Last night’s show before what was essentially a full house at The Pearl was clean and captivating, the sound warm and full-bodied even as Fagen's voice was strained and cut out when he reached for the high notes (“strained” is a word to use when describing Fagen onstage, as he tilts his head and grimaces during each vocal foray, leaving the audience to wonder if the 61-year-old artist is somehow suffering or simply inspired). Steely Dan fans “get” the band with such devotion that when Fagen’s voice falters, to be boosted by a trio of female backing singers, it is not a problem. The musicianship, forged by an eight-piece band featuring two saxophones, a trumpet and trombone, is that strong. One of the more demanding jobs in entertainment would have to be working as a touring musician in Steely Dan, considering Fagen and Becker refused to tour for two decades, in part because their complexities could hardly be adequately reproduced live.

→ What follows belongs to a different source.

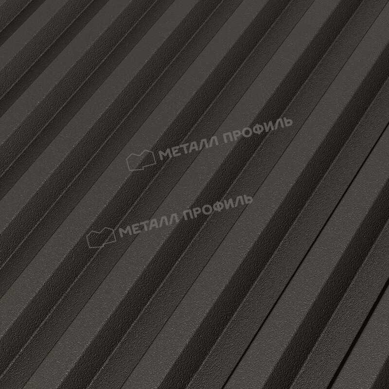 Цвет профлиста - темно-коричневый, что придает ему элегантный и стильный вид. Он идеально подходит для использования на крышах, фасадах зданий, заборах и других конструкциях.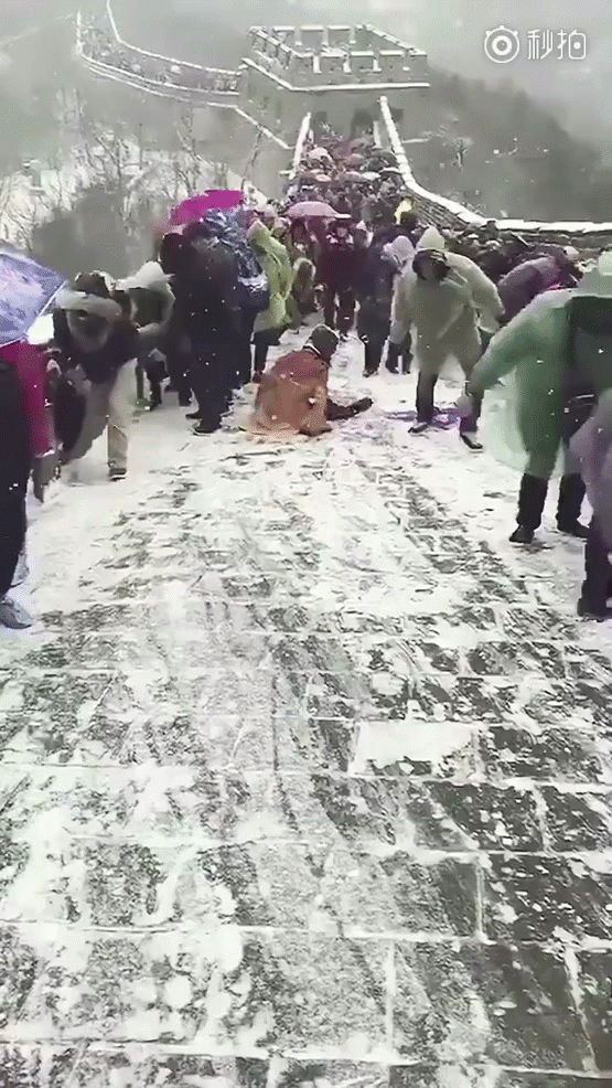 Đoạn video ghi lại cảnh du khách đua nhau ngã nhoài khiến ai cũng phải bật cười. Được biết, họ đi tham quan Vạn Lý Trường Thành đúng dịp bão tuyết. Gió lớn đã khiến họ không thể kiếm soát được cơ thể của mình.

The performance was a 90-minute delve into the band’s most familiar cuts over their 40-year career. As Fagen said midway through the show, leading into “Dirty Work,” “We’re gong to play an old one now,” at which a fan near the front of the stage shouted, “They’re all old!”

“That’s right,” Fagen said, leering through his ever-present shades. “They’re all old.”

Fagen could have said the same for most of the audience. Steely Dan has the elusive 40-to-70 demo covered, as its fan base moves from recreational to medical marijuana use.

Even for casual fans, the songs were familiar from frequent FM airplay over the past three decades. In a measured, none-too-hustled procession, the band knocked out “Black Friday,” “Hey 19,” “Black Cow,” “Dirty Work,” “Bodhisattva,” “Do It Again,” “Peg,” “Aja,” “Daddy Don’t Live in That New York City No More,” “Josie,” “Don’t Take Me Alive,” “Kid Charlamagne,” and, for the too-swift encore, “Reelin’ in the Years.”

At that, the audience, seeming in a state of denial, hung for several minutes until the road crew began disassembling the stage set. Bummer. The show could have gone on far longer. But the guys in black carrying away the equipment performed the task deliberately and with great care, in the true spirit of Steely Dan.